Created on 6 Sep 2019 · 14Comments · Source: vyperlang/vyper

Version Information

vyper Version (output of vyper --version): 0.1.0-beta.12

What's your issue about?

The ABI uses calldata offsets to point to the location of dynamically-sized data. Vyper does not check for overflow when evaluating these offsets. For example:

@public
@constant
def temp(arr: bytes[1024]) -> bytes[1024]:
    return arr

The above contract does not correctly decode calldata provided by this Solidity contract:

pragma solidity ^0.5.0;

contract Test {

    bytes constant DATA = bytes("Hello, world!");

    function test(address _vyContract) public view returns (string memory) {
        bytes memory payload 
            = abi.encodeWithSignature("temp(bytes)", DATA);

        assembly {
            let neg := sub(0, 4)
            mstore(add(0x24, payload), neg) // modify offset of bytes array
            let res := staticcall(gas, _vyContract, add(0x20, payload), mload(payload), 0, 0)
            returndatacopy(0, 0, returndatasize)
            return(0, returndatasize)
        }
    }
}

Specifically, this line in the LLL contains the overflow issue: [calldatacopy, 320, [add, 4, [calldataload, 4]], 1056]. This is located here in the code.

How can it be fixed?

Check offset calculations for overflow, or make sure offsets are pointing within the bounds of CALLDATASIZE

Source

wadeAlexC

All 14 comments

Thanks for the report! I am having trouble why this is a vyper issue. What is the expected behavior when the caller provides malformed data?

charles-cooper on 6 Sep 2019

The data isn't really malformed. It's valid, ABI-encoded data that points outside of the range of calldata. Vyper should detect this and revert.

wadeAlexC on 6 Sep 2019

I guess I still don't understand. Doesn't the spec say that the offset word points to tail(X(i))? https://solidity.readthedocs.io/en/v0.5.3/abi-spec.html#formal-specification-of-the-encoding. I always get tripped up reading this spec so I am happy to be corrected if my understanding is incorrect.

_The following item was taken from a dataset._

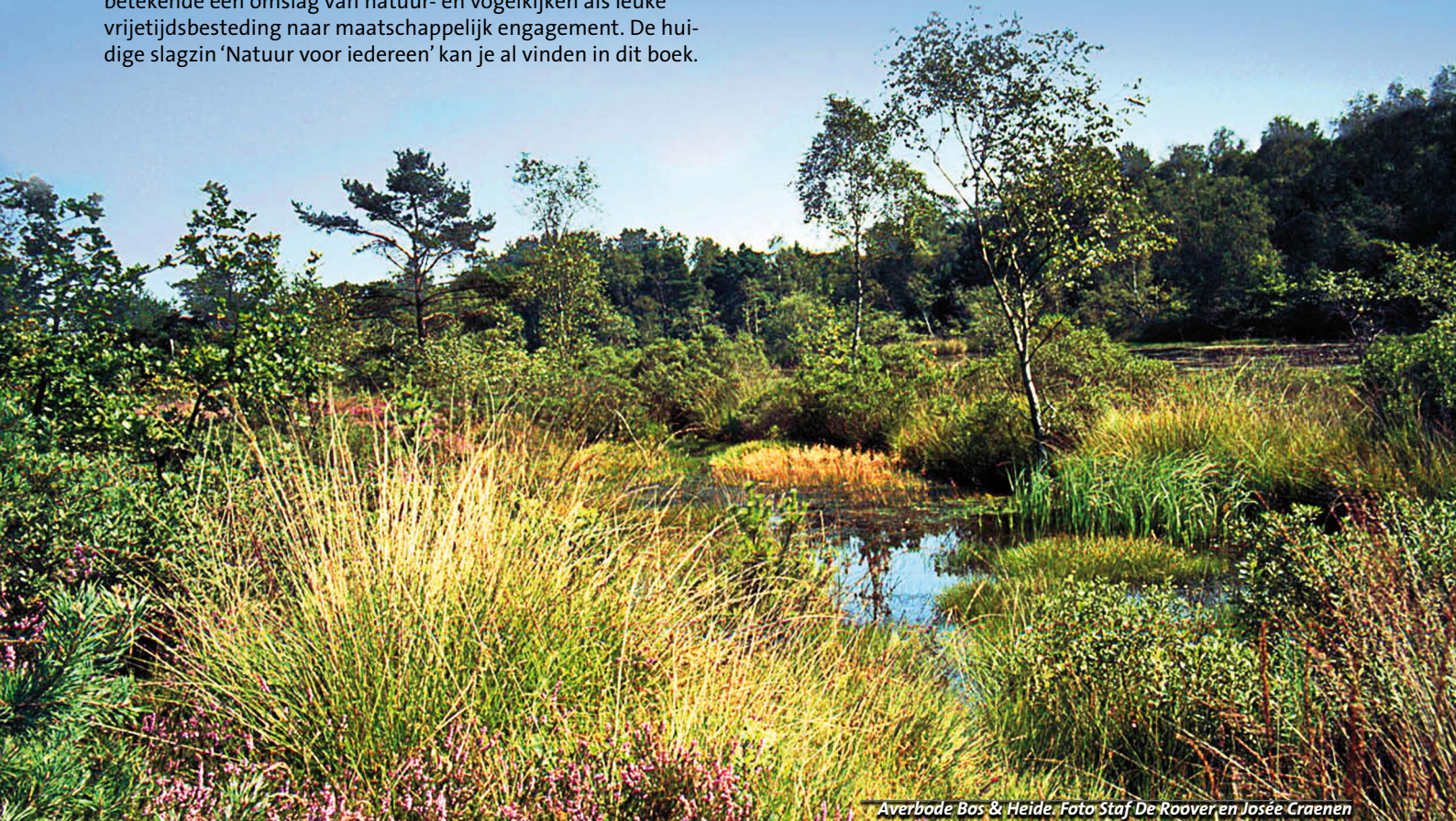
Averbode Bos & Heide.

Parallel hiermee werden naar aanleiding van nog maar eens een motorcross acties gevoerd voor de klassering van de Wijngaardberg. Hetzelfde gebeurde voor de Beningsberg in Wezemaal. Tot drie maal toe, ook hier nog in de pre-gewestplanperiode, werd deze Diestiaanheuvel op het laatste nippertje gered van ontzanding en verkaveling. Drie maal werd hij ook doorverkocht. Telkens werd tussengekomen bij de

charles-cooper on 6 Sep 2019

Sorry, I don't think my initial reply was particularly clear. The example I gave shows that Vyper accepts an overflow during ABI decoding which leads to it reading the first 32 bytes of calldata and treating it as an array size. In every variation I tried, this led to the call failing because CALLDATACOPY inevitably reads from a massive index in calldata. While I'm not convinced this is exploitable behavior, it seems much safer to check for the overflow and explicitly revert the transaction, rather than allow the behavior and fail because of the gas limit.

wadeAlexC on 8 Sep 2019

👍1

My understanding of the spec is that the offset word must point to where the data is. If it doesn't, it is ipso facto invalid input. Unless I am misunderstanding the spec.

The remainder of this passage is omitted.